** Supplied material follows **

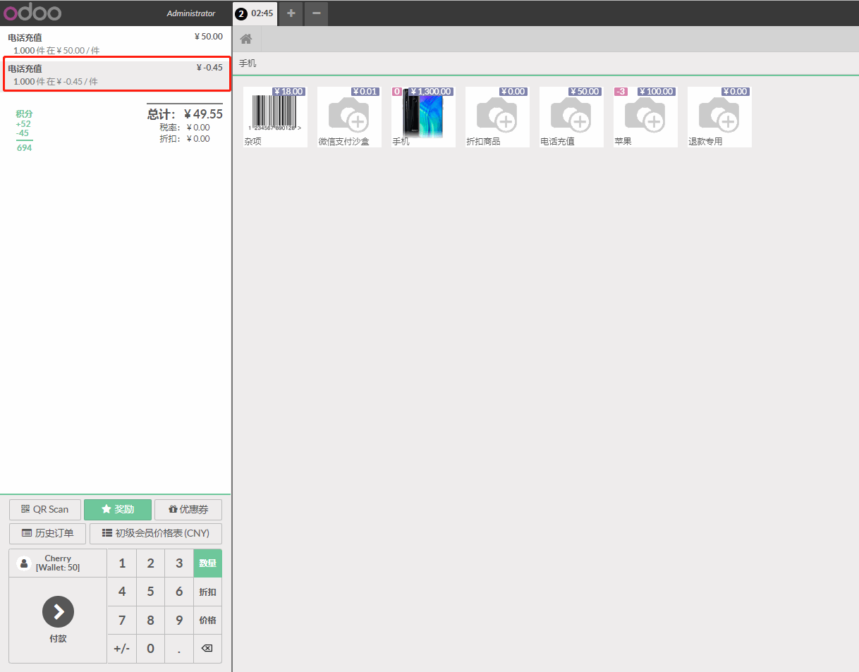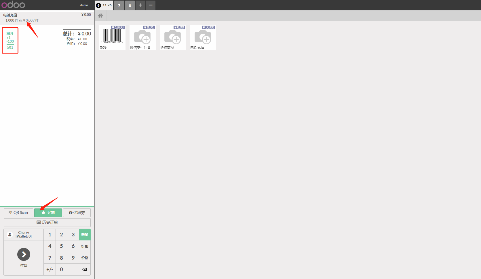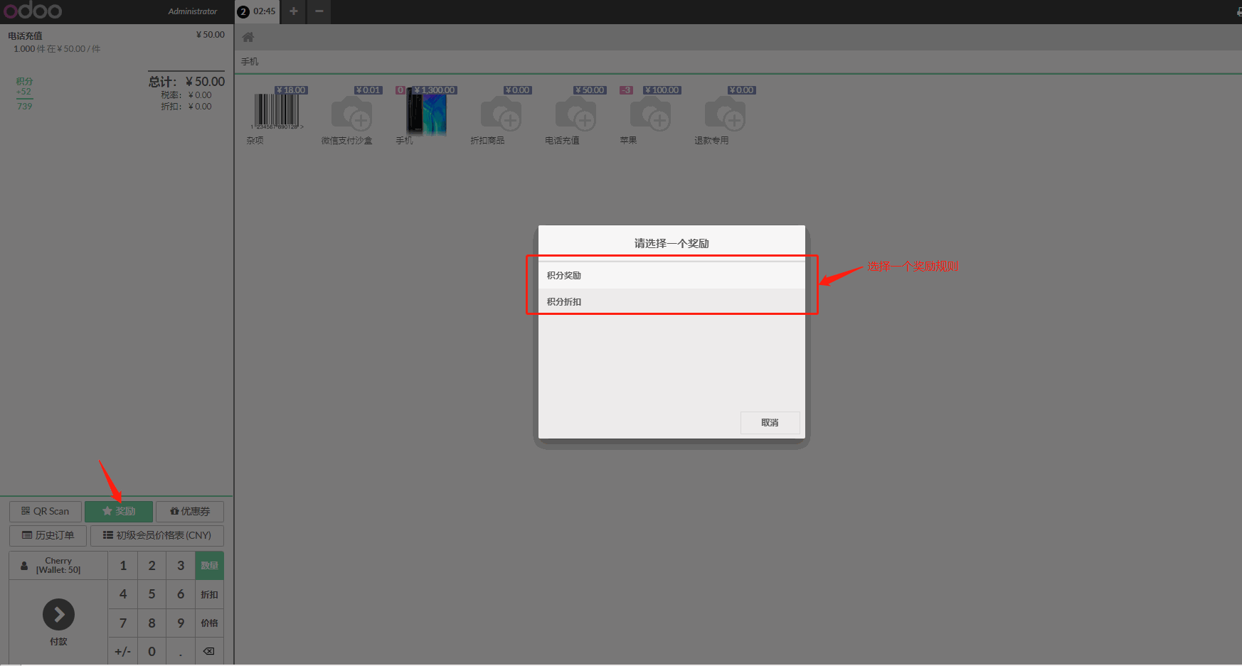 在POS界面中,点击“奖励”按钮,系统会根据当前客户的积分,判断是否满足奖励条件。当前客户满足忠诚度积分条件,系统给予奖励,并扣除相应的积分。
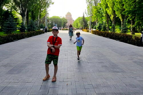 Прокатила пацанов по территории.
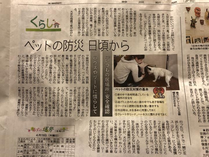 ところで、4月18日の静岡新聞の夕刊に、ペットの防災についての記事が掲載されていました。
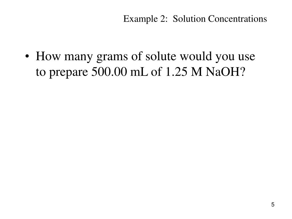 Example 2: Solution Concentrations • How many grams of solute would you use to prepare 500.00 mL of 1.25 M NaOH?
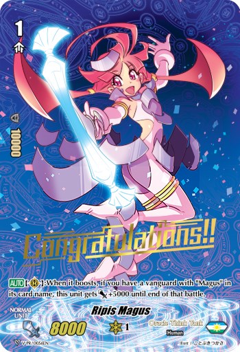 [AUTO](RC):When it boosts, if you have a vanguard with "Magus" in its card name, this unit gets [Power]+5000 until end of that battle.
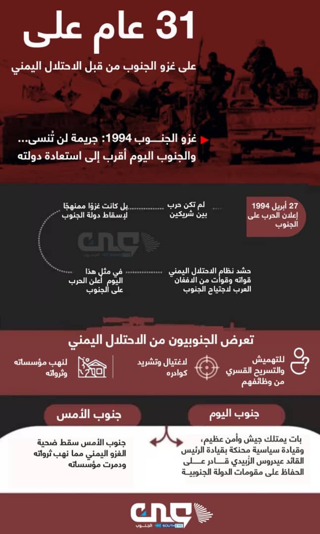 تزامنًا مع حلول الذكرى الـ(31) لغزو الاحتلال اليمني للجنوب..جنوبيون يتذكرون مجازر الاحتلال اليمني ويطلقون وسم #ذكرىغزو اليمن_للجنوب
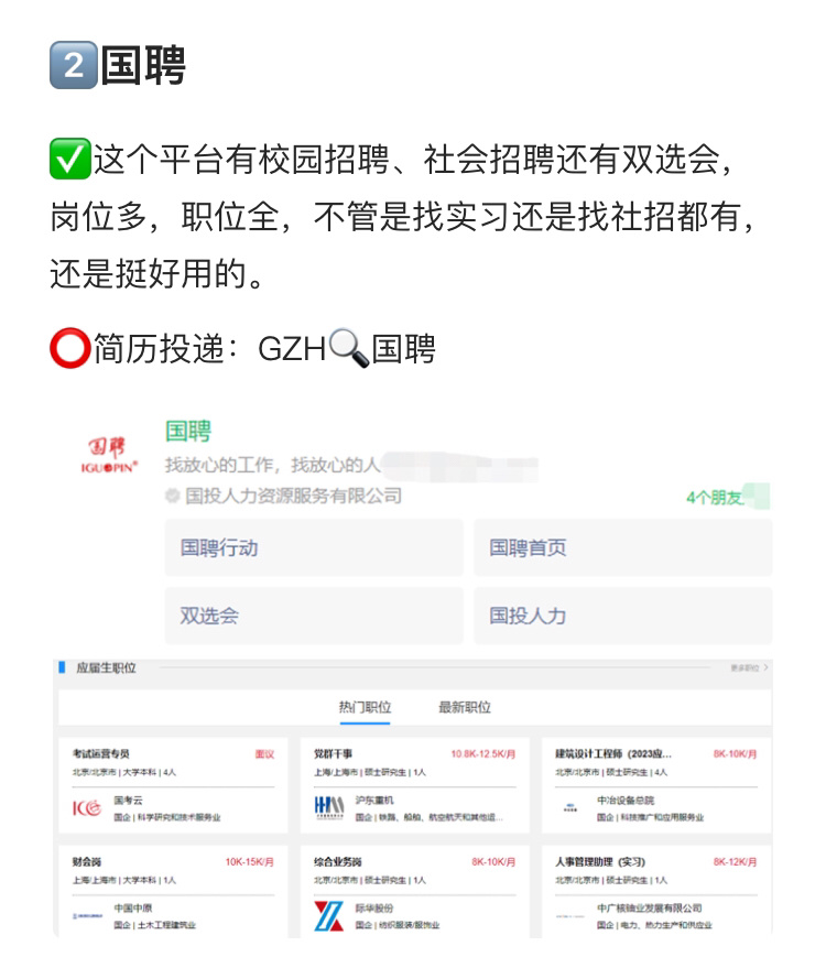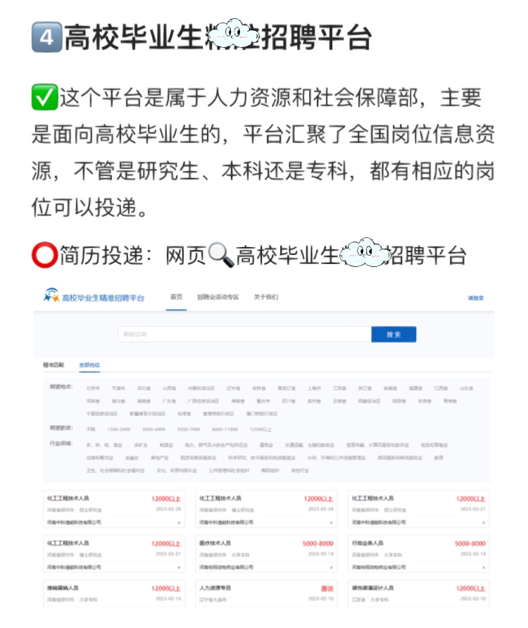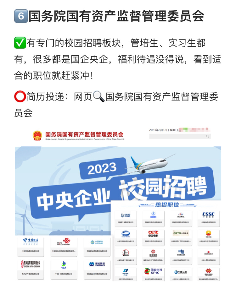 要学会多渠道投递,今天给大家整了6个国家出品的招聘平台,岗位多,专业又靠谱! 1️.国资小新 2️.国聘 3️.国资央企招聘平台 4️.高校毕业生招聘平台 5️.国家大学生就业服务平台 6️.国务院国有资产监督管理委员会 ·

** End of Supplied material **

Exercise description:
No image belongs in the copy. Transcribe the full listing verbatim.

Exercise output:
 在POS界面中,点击“奖励”按钮,系统会根据当前客户的积分,判断是否满足奖励条件。当前客户满足忠诚度积分条件,系统给予奖励,并扣除相应的积分。
 Прокатила пацанов по территории.
 ところで、4月18日の静岡新聞の夕刊に、ペットの防災についての記事が掲載されていました。
 Example 2: Solution Concentrations • How many grams of solute would you use to prepare 500.00 mL of 1.25 M NaOH?
 [AUTO](RC):When it boosts, if you have a vanguard with "Magus" in its card name, this unit gets [Power]+5000 until end of that battle.
 تزامنًا مع حلول الذكرى الـ(31) لغزو الاحتلال اليمني للجنوب..جنوبيون يتذكرون مجازر الاحتلال اليمني ويطلقون وسم #ذكرىغزو اليمن_للجنوب
 要学会多渠道投递,今天给大家整了6个国家出品的招聘平台,岗位多,专业又靠谱! 1️.国资小新 2️.国聘 3️.国资央企招聘平台 4️.高校毕业生招聘平台 5️.国家大学生就业服务平台 6️.国务院国有资产监督管理委员会 ·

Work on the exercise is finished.